Monthly Archives: November 2011

Wu Wei and Control

If you believe in something called “motor control”, then the non-volitional action underlying the concept of Wu Wei will appear odd.

Imagine a busy road in which many cars manage to drive at high speed, without crashing. If now, one driver makes a very serious error, his car goes places it should not go, maybe turning over, and crashing. In a conventional account, we say he “lost control”. In the account suggested here, you might better say he “regained control”. For all those cars that do not crash, clearly they are not being controlled. Rather, they are integrated as components within a larger system, the trafic flow. The conditions that allow optimal traffic flow include clear road markings, good visibility, road-worthy cars, non-drunken drivers, etc. When one driver crashes, that system has collapsed, and the car is now acting independently. So the car+driver system has, in a slightly odd sense, reasserted its autonomy, made itself independent, and regained control. But with that, there is clumsiness, ineffectiveness, and a crash.

Wu wei is action without the clumsiness of a locus of control.

Postscript: This distinction parallel’s Terrence Deacon’s account of orthograde and contragrade processes. The cars that act as components within a superordinate domain of autonomy illustrate the former.

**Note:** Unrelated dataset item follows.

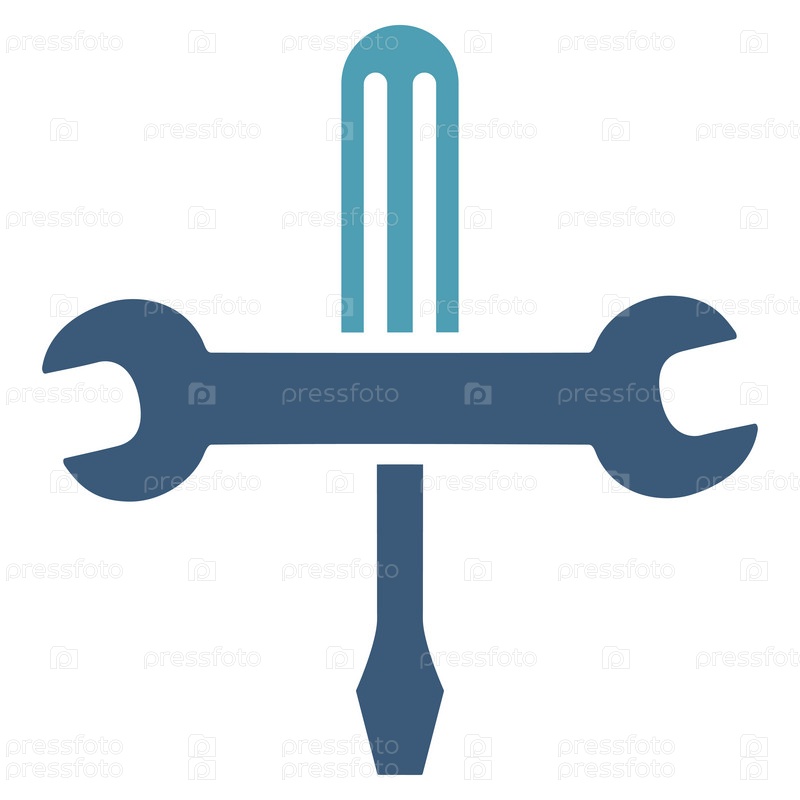 Значок инструменты иллюстрации. Стиль является биколор плоский символ, голубой и синий цвета, закругленные углы, белый фон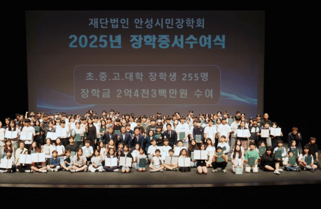 | ¾È¼º½Ã¹ÎÀåÇÐȸ, 2026³â Á¤±Ô ÀåÇлý 255¸í ¼±¹ß, ÃÑ 2¾ï 4,300¸¸¿ø ±Ô¸ð =Çѽ¸ñ ±âÀÚ |

The car that makes itself independent, and then collides with and threatens the domain of ordered driving, illustrates the contragrade.

Prothetic-Metathetic and the sixth sense

The buddhists have a fairly well worked out description of 6 senses, which are (oddly) the 5 familiar in the West: sight, hearing, touch, smell, and taste, and a sixth, which is thought.

First off, note that the familiar five provide a bad description of the sensory component of our being. Smell and taste are not separate. Touch is not one, but a whole host, of senses, including heat, vibration, pain and gentle touch, and then there’s all the proprioceptive and vestibular stuff. OK. But to Western eyes, the notion of thought as a sense is a bit peculiar. We actually don’t have a good account of what thought is, so this is interesting. How do we make sense of thought as a sixth sense?

Most notions of sense are predicated upon a split between organism and world. But everything we know about consciousness assures us that the domain of present phenomenal experience arises from the embeddedness of an organism in a world, without a dualistic, causal split between these two co-defining things.

In psychophysics, there is an old distinction between prothetic and metathetic features of a stimulus, or a sensory channel. Consider sound. Some features of sound are of the “how much” variety. Loudness, for example. Sound can be overly loud. But frequency of a pitched sound is not of this kind. There, the discriminations we make are of the “what kind and where” type. A note cannot be unbearably high pitched in the same way that it can be unbearably loud. The “too much” features are prothetic (brightness is another such), the “what kind” features are metathetic (color or hue belongs here).

If we reject the inner/outer distinction, and acknowledge the difficulty in trying to force a divide between subject and world, then much of thought appears as a primarily metathetic modality specific way of bringing forth a world, not really different from many aspects of vision or audition. Perhaps we should talk to the Buddhists.

Eyes everywhere

Meister Eckhart, the 14th Century Christian mystic, spoke of the unity found in mystical experience, saying “The eye by which I see God is the same as the eye by which God sees me. My eye and God’s eye are one and the same – one in seeing, one in knowing, and one in loving”.

When mystics from all traditions speak of the mystical experience, this unity that transcends any individual being is a constant – in both theist and non-theist traditions alike.

My friend, Wei Wu Wei, repeatedly says “The eye cannot see itself”, paraphrasing Francis of Assisi, who noted “That which you are looking for is that which is looking”.

The recurrent use of the notion of seeing, and the impossibility of seeing the spark of subjectivity with which we identify, speaks of a single insight, resistent to expression in dualist language. I frequently speak of experience, as if it were a thing. Experience is not that which is to be found in the world; it is that which gives us a world in the first place.

But perhaps my other friend Victor, curator of a wonderful Indian sculpture park, put it best thus: “A single point can not be grasped”.